Modeling in the Presence of Outliers

You can use the OUTLIER statement to detect changes in the level of the response series that are not accounted for by the estimated model. The types of changes considered are additive outliers (AO), level shifts (LS), and temporary changes (TC).

Let $\eta _ t$ be a regression variable that describes some type of change in the mean response. In time series literature $\eta _ t$ is called a shock signature. An additive outlier at some time point s corresponds to a shock signature $\eta _ t$ such that $\eta _ s = 1.0$ and $\eta _ t$ is 0.0 at all other points. Similarly a permanent level shift that originates at time s has a shock signature such that $\eta _ t$ is 0.0 for $t < s$ and 1.0 for $t \geq s$ . A temporary level shift of duration d that originates at time s has $\eta _ t$ equal to 1.0 between s and $s+d$ and 0.0 otherwise.

Suppose that you are estimating the ARIMA model

$D(B) Y_ t = \mu _ t + \frac{\theta (B)}{\phi (B)} a_ t$

where $Y_ t$ is the response series, $D(B)$ is the differencing polynomial in the backward shift operator B (possibly identity), $\mu _ t$ is the transfer function input, $\phi (B)$ and $\theta (B)$ are the AR and MA polynomials, respectively, and $a_ t$ is the Gaussian white noise series.

The problem of detection of level shifts in the OUTLIER statement is formulated as a problem of sequential selection of shock signatures that improve the model in the ESTIMATE statement. This is similar to the forward selection process in the stepwise regression procedure. The selection process starts with considering shock signatures of the type specified in the TYPE= option, originating at each nonmissing measurement. This involves testing $H_{0}\colon \beta = 0$ versus $H_{a}\colon \beta \neq 0$ in the model

$D(B) ( Y_ t - \beta \eta _ t ) = \mu _ t + \frac{\theta (B)}{\phi (B)} a_ t$

for each of these shock signatures. The most significant shock signature, if it also satisfies the significance criterion in ALPHA= option, is included in the model. If no significant shock signature is found, then the outlier detection process stops; otherwise this augmented model, which incorporates the selected shock signature in its transfer function input, becomes the null model for the subsequent selection process. This iterative process stops if at any stage no more significant shock signatures are found or if the number of iterations exceeds the maximum search number that results due to the MAXNUM= and MAXPCT= settings. In all these iterations, the parameters of the ARIMA model in the ESTIMATE statement are held fixed.

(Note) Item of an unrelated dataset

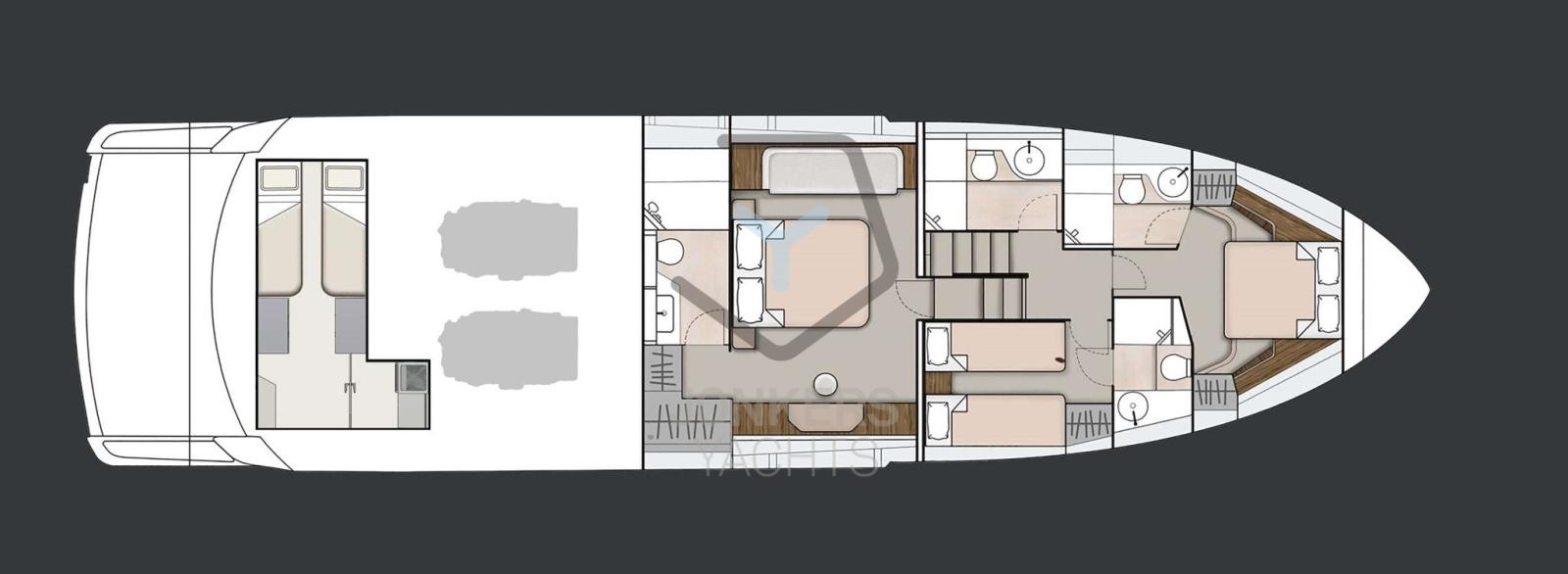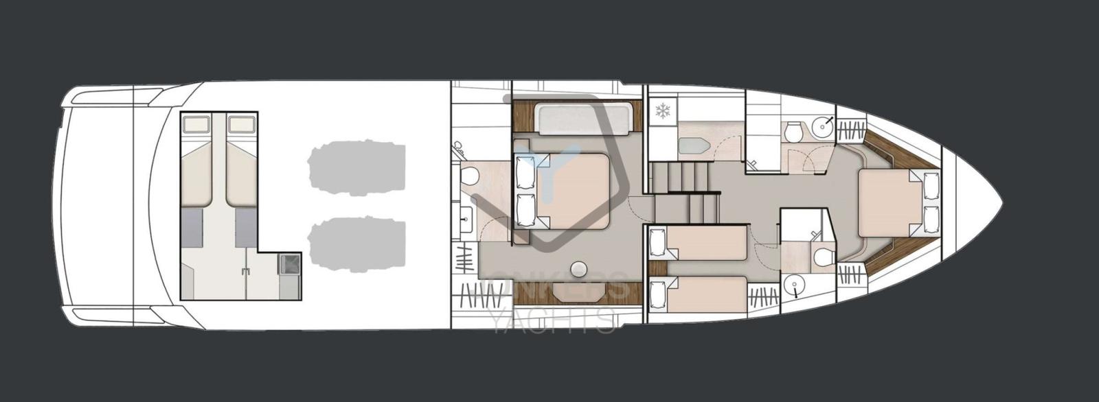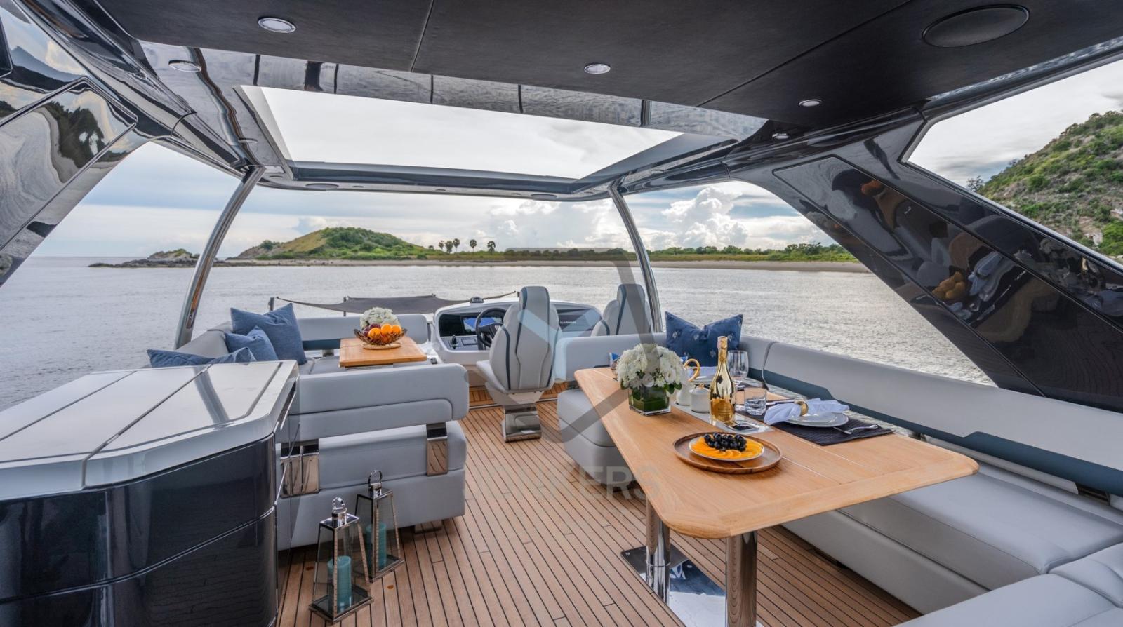 Passez toute la journée sur le vaste flybridge, avec trois zones décorées individuellement en fonction de votre humeur. Qu’il s’agisse de chaises longues triples, de salles à manger luxueuses ou de sièges à l’avant, le Squadron 68 s’adapte à ce que vous voulez faire, quand vous le souhaitez. Que vous soyez ancré ou que vous naviguiez au large, personnalisez votre environnement pour améliorer votre expérience, exactement comme vous le souhaitez.

The precise details of the testing procedure for a given shock signature $\eta _ t$ are as follows:

The preceding testing problem is equivalent to testing $H_{0}\colon \beta = 0$ versus $H_{a}\colon \beta \neq 0$ in the following "regression with ARMA errors" model

$N_ t = \beta \zeta _ t + \frac{\theta (B)}{\phi (B)} a_ t$

where $N_ t = ( D(B) Y_ t - \mu _ t )$ is the "noise" process and $\zeta _ t = D(B)\eta _ t$ is the "effective" shock signature.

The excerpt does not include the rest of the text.